• **ABOUT THIS EXERCISE**
Below are entries with pictures in them. Output exactly the lines starting at the line with "del Macarthur Rams." and ending at the line with "Artery8 Stop and", both included, but not the pictures.

• **LISTED ENTRIES**

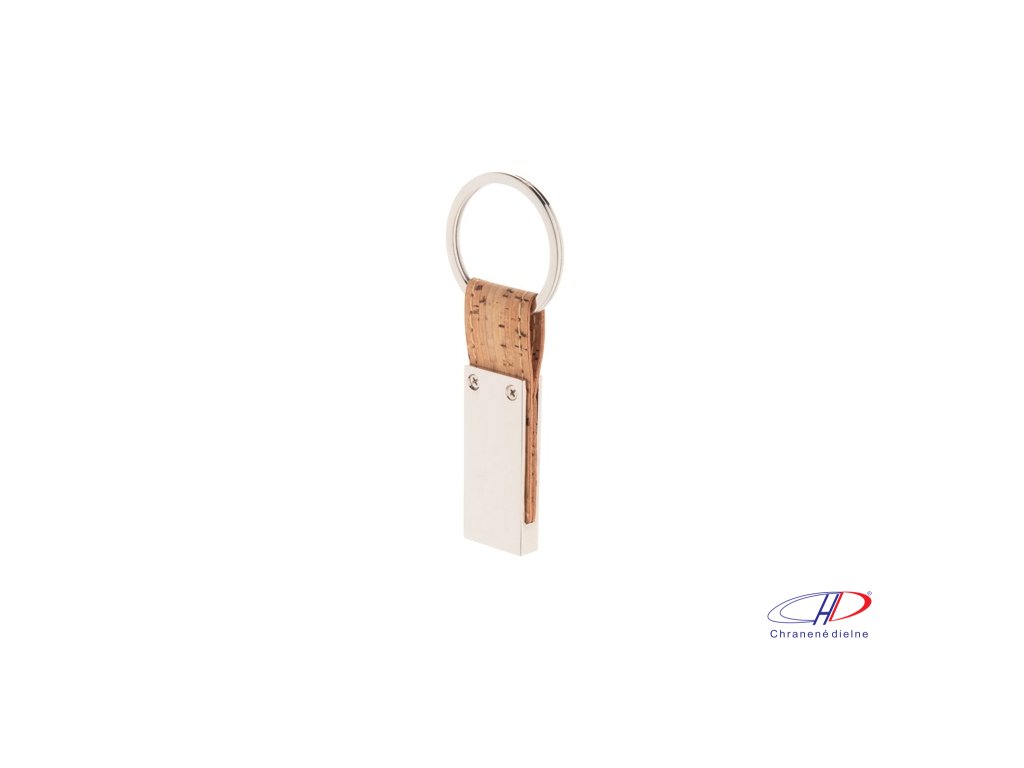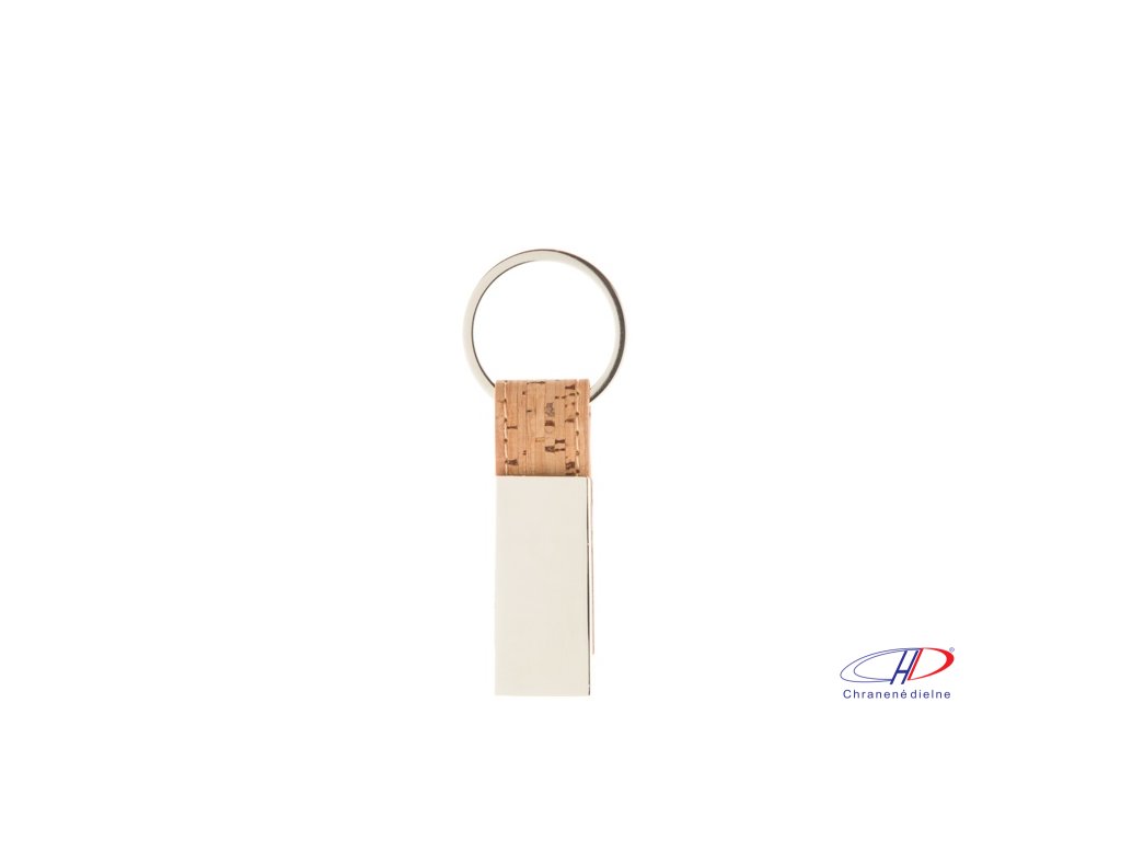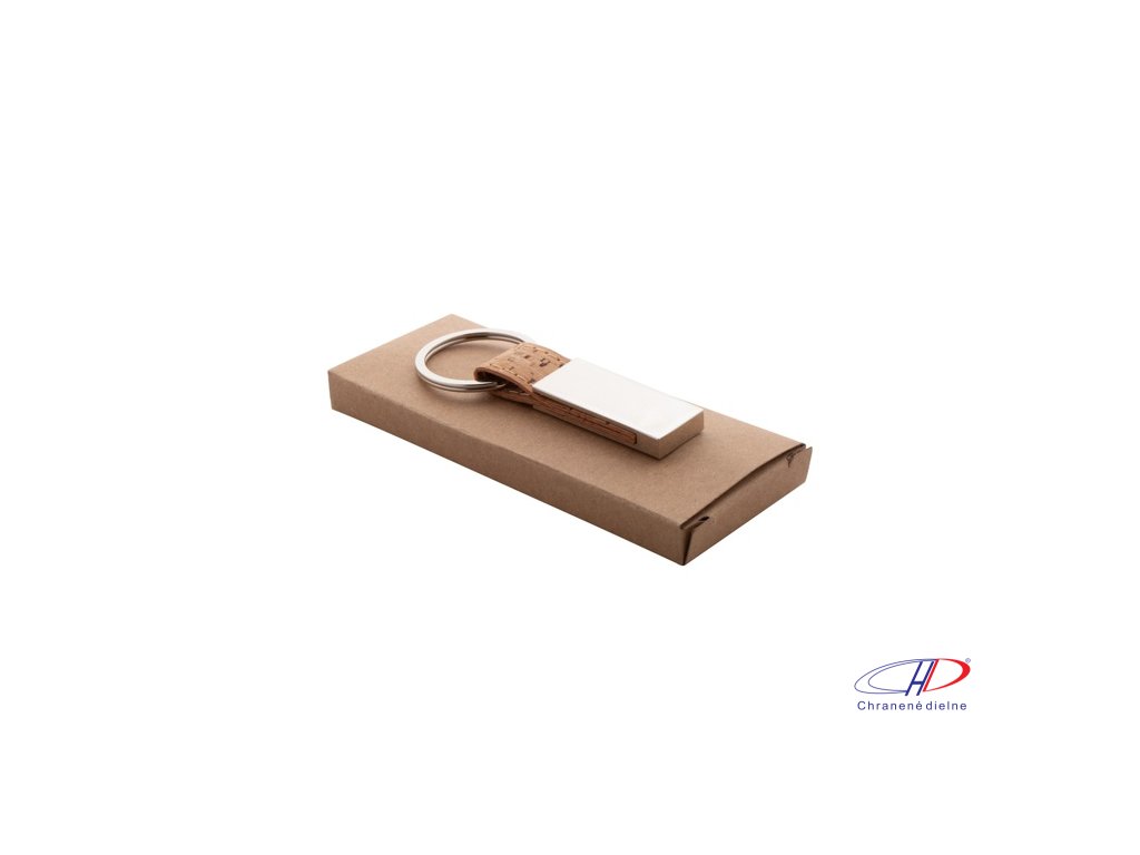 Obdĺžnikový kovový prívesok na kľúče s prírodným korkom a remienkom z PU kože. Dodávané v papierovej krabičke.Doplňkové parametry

---

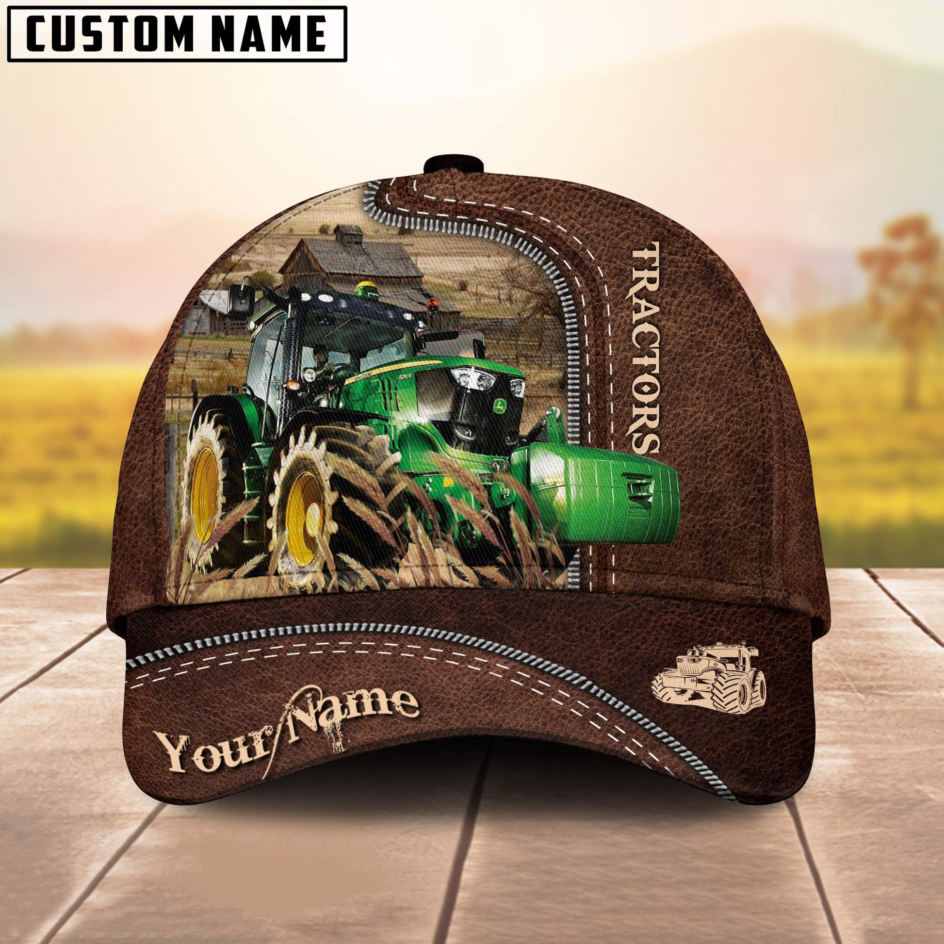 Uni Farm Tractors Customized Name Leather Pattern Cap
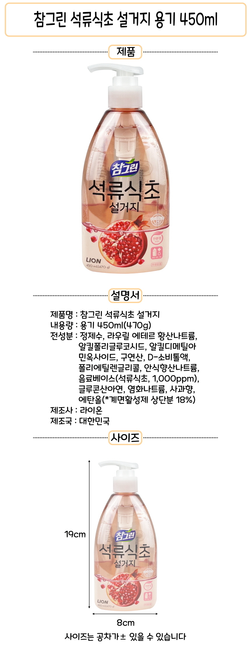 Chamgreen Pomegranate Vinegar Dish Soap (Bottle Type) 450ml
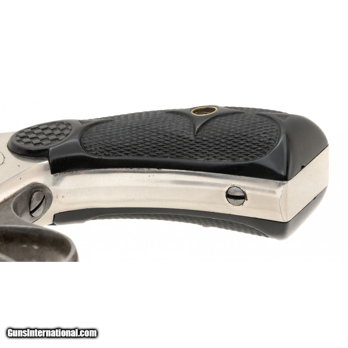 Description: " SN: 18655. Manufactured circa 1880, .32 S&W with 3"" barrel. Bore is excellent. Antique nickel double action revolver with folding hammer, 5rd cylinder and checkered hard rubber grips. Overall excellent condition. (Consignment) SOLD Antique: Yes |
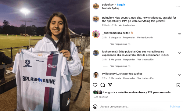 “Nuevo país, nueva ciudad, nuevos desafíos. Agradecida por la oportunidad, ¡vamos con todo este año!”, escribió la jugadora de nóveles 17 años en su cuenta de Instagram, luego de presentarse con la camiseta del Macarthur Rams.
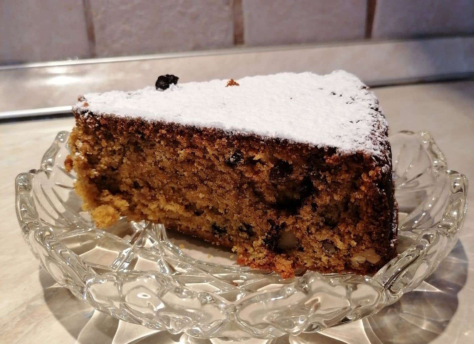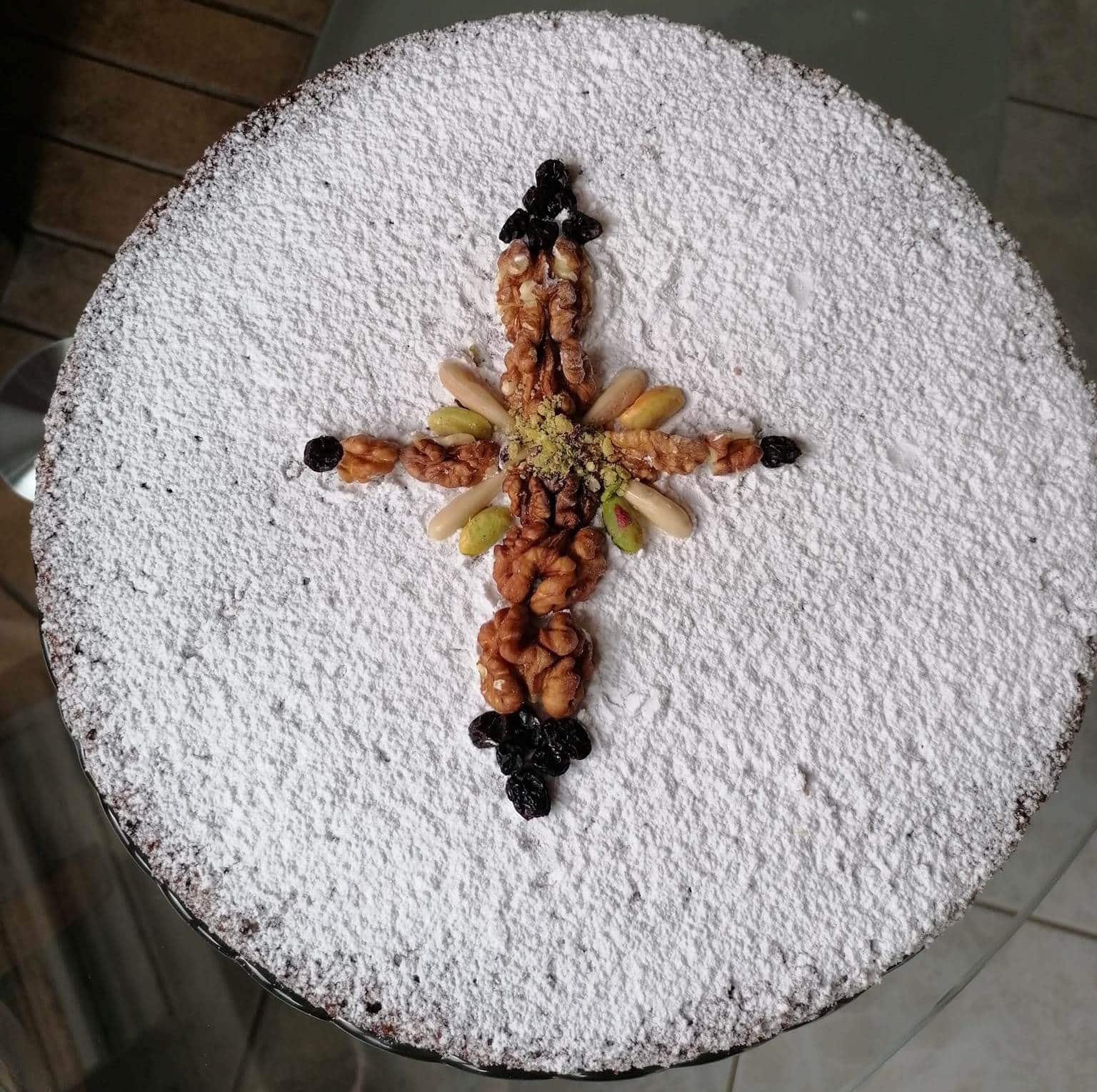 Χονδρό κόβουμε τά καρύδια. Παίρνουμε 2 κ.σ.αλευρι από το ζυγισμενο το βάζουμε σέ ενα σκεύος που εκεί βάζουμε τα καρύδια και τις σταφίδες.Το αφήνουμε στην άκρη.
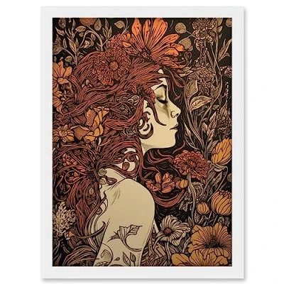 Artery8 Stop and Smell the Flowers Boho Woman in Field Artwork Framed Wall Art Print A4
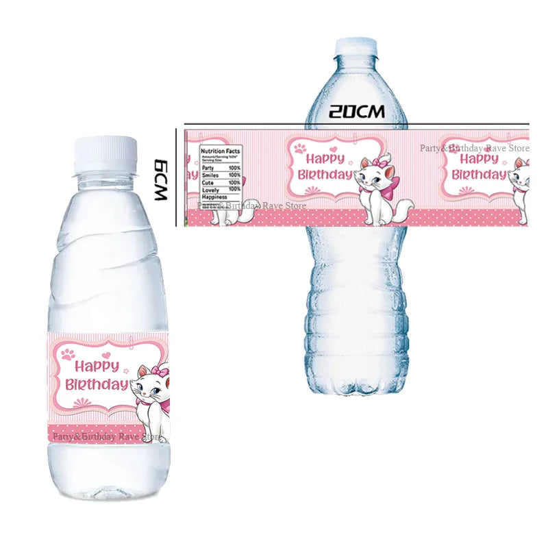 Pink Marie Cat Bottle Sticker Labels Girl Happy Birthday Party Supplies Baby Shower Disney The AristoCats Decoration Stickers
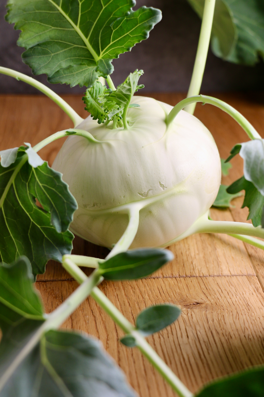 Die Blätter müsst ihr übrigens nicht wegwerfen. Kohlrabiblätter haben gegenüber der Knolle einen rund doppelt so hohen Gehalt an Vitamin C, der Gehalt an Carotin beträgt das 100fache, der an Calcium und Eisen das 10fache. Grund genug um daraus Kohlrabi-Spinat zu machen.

• **TASK RESULT**
 “Nuevo país, nueva ciudad, nuevos desafíos. Agradecida por la oportunidad, ¡vamos con todo este año!”, escribió la jugadora de nóveles 17 años en su cuenta de Instagram, luego de presentarse con la camiseta del Macarthur Rams.
 Χονδρό κόβουμε τά καρύδια. Παίρνουμε 2 κ.σ.αλευρι από το ζυγισμενο το βάζουμε σέ ενα σκεύος που εκεί βάζουμε τα καρύδια και τις σταφίδες.Το αφήνουμε στην άκρη.
 Artery8 Stop and Smell the Flowers Boho Woman in Field Artwork Framed Wall Art Print A4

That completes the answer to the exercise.